Add to `postgresql.conf`:

```ini
shared_preload_libraries = 'pg_stat_ch'
track_io_timing = on # Enables I/O timing columns for captured events

# ClickHouse connection (change for your setup)
pg_stat_ch.clickhouse_host = 'localhost'
pg_stat_ch.clickhouse_port = 9000
pg_stat_ch.clickhouse_database = 'pg_stat_ch'

# TLS (recommended for production)
pg_stat_ch.clickhouse_use_tls = on
pg_stat_ch.clickhouse_skip_tls_verify = off
```

### 2. Restart PostgreSQL

```bash
# Restart PostgreSQL using your service manager (systemd, brew services, Docker, etc.)
```

### 3. Set Up Schema on ClickHouse

Quickstart path: run `./scripts/quickstart.sh up` and schema setup is handled automatically.

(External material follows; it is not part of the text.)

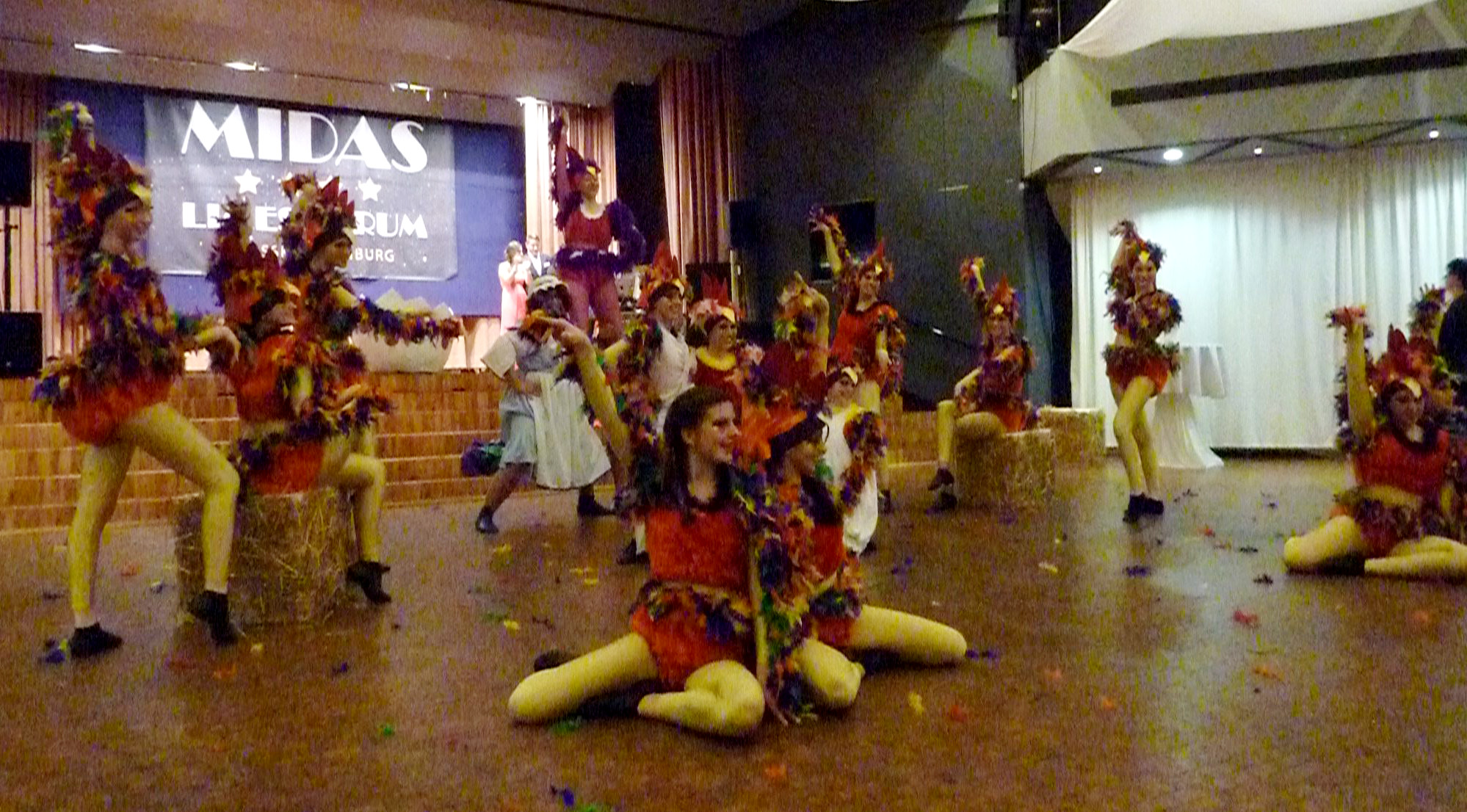 Das Unterhaltungsprogramm läuteten auch diesmal wieder Patrick P. und Alexander P. ein, indem sie humorvoll und pantomimisch etwas über das klassische Theater aufführten. Später traten sie noch einmal mit dem Stück „Der 90. Geburtstag“ auf, in welchem Butler James die imaginären Gäste der Jubilarin Frau Wolf verköstigt. Mit einer kichernden Frau Dähn, dem etwas zerstreuten Bruder Bernadin, dem Witze-erzählenden Herrn Franke und der ermahnenden Frau Pfeifer wurden die Lachmuskeln des Publikums ordentlich strapaziert. Ergänzt wurde das Stück durch ein „echtes“ Tigerfell …Für die tänzerische Darbietung war es gelungen die Tanzgarde des TV-Großkrotzenburg mit ihrem Showtanz „Im Hühnerstall, da ist was los“ zu gewinnen. Mit ihrem unterhaltsamen und abwechslungsreichen Showtanz unter der Leitung von Ute Böning boten sie schon einen Vorgeschmack auf die diesjährige (leider sehr kurze) Faschingssaison. Viele der Tänzerinnen und der eine Tänzer sind Schüler der Kreuzburg und wurden euphorisch begrüßt.

Manual / existing ClickHouse paths:

```bash
clickhouse-client < docker/init/00-schema.sql
```

Creates `events_raw` plus materialized views. See [docs/clickhouse.md](docs/clickhouse.md) for full schema details.

### 4. Create the Extension

```sql
CREATE EXTENSION pg_stat_ch;
```

### 5. Verify

```sql
SELECT pg_stat_ch_version();
SELECT * FROM pg_stat_ch_stats();
```

## Configuration

### GUC Variables

| Parameter | Type | Default | Reload | Description |
|-----------|------|---------|--------|-------------|
| `pg_stat_ch.enabled` | bool | `on` | SIGHUP | Enable/disable telemetry collection |
| `pg_stat_ch.clickhouse_host` | string | `localhost` | Restart | ClickHouse server hostname |
| `pg_stat_ch.clickhouse_port` | int | `9000` | Restart | ClickHouse native protocol port |
| `pg_stat_ch.clickhouse_user` | string | `default` | Restart | ClickHouse username |
| `pg_stat_ch.clickhouse_password` | string | `""` | Restart | ClickHouse password |
| `pg_stat_ch.clickhouse_database` | string | `pg_stat_ch` | Restart | ClickHouse database name |
| `pg_stat_ch.queue_capacity` | int | `65536` | Restart | Ring buffer size (must be power of 2) |
| `pg_stat_ch.flush_interval_ms` | int | `1000` | SIGHUP | Export batch interval in milliseconds |
| `pg_stat_ch.batch_max` | int | `10000` | SIGHUP | Maximum events per ClickHouse insert |
| `pg_stat_ch.clickhouse_use_tls` | bool | `off` | Restart | Enable TLS for ClickHouse connections |
| `pg_stat_ch.clickhouse_skip_tls_verify` | bool | `off` | Restart | Skip TLS certificate verification (insecure) |
| `pg_stat_ch.log_min_elevel` | enum | `warning` | Superuser | Minimum error level to capture (debug5..panic) |

See [Error Level Values](docs/version-compatibility.md#error-fields) for the complete list of error levels and their numeric values in ClickHouse.

## SQL API

| Function | Description |
|----------|-------------|
| `pg_stat_ch_version()` | Returns extension version string |
| `pg_stat_ch_stats()` | Queue and exporter statistics ([column details](docs/troubleshooting.md#sql-api-reference)) |
| `pg_stat_ch_reset()` | Reset all queue counters to zero |
| `pg_stat_ch_flush()` | Trigger immediate flush of queued events to ClickHouse |

## Example Queries

Raw per-execution events enable percentiles, time-series, and per-app drill-downs:

```sql
-- Slowest queries for a specific application, with percentiles
SELECT query_id,
count() AS calls,
quantile(0.95)(duration_us) / 1000 AS p95_ms,
quantile(0.99)(duration_us) / 1000 AS p99_ms
FROM pg_stat_ch.events_raw
WHERE app = 'myapp'
AND ts_start > now() - INTERVAL 1 HOUR
GROUP BY query_id
ORDER BY p99_ms DESC
LIMIT 10;
```

See [docs/clickhouse.md](docs/clickhouse.md) for materialized view definitions and more query examples.

## Testing

```bash
mise run test:all # Run all tests
mise run test:regress # SQL regression tests only
./scripts/run-tests.sh 18 all # Specific PG version
./scripts/run-tests.sh ../postgres/install_tap tap # TAP tests with local PG build
```

See [docs/testing.md](docs/testing.md) for test types, TAP test setup, and a full listing of test files.

## Troubleshooting

Common issues: extension not loading (check `shared_preload_libraries`), events not appearing (check `pg_stat_ch_stats()` for errors), high queue usage or dropped events (tune `pg_stat_ch.queue_capacity`, `pg_stat_ch.flush_interval_ms`, `pg_stat_ch.batch_max`).

See [docs/troubleshooting.md](docs/troubleshooting.md) for detailed solutions.

## License

This project is licensed under the Apache License, Version 2.0. See [LICENSE.md](LICENSE.md) for the full license text.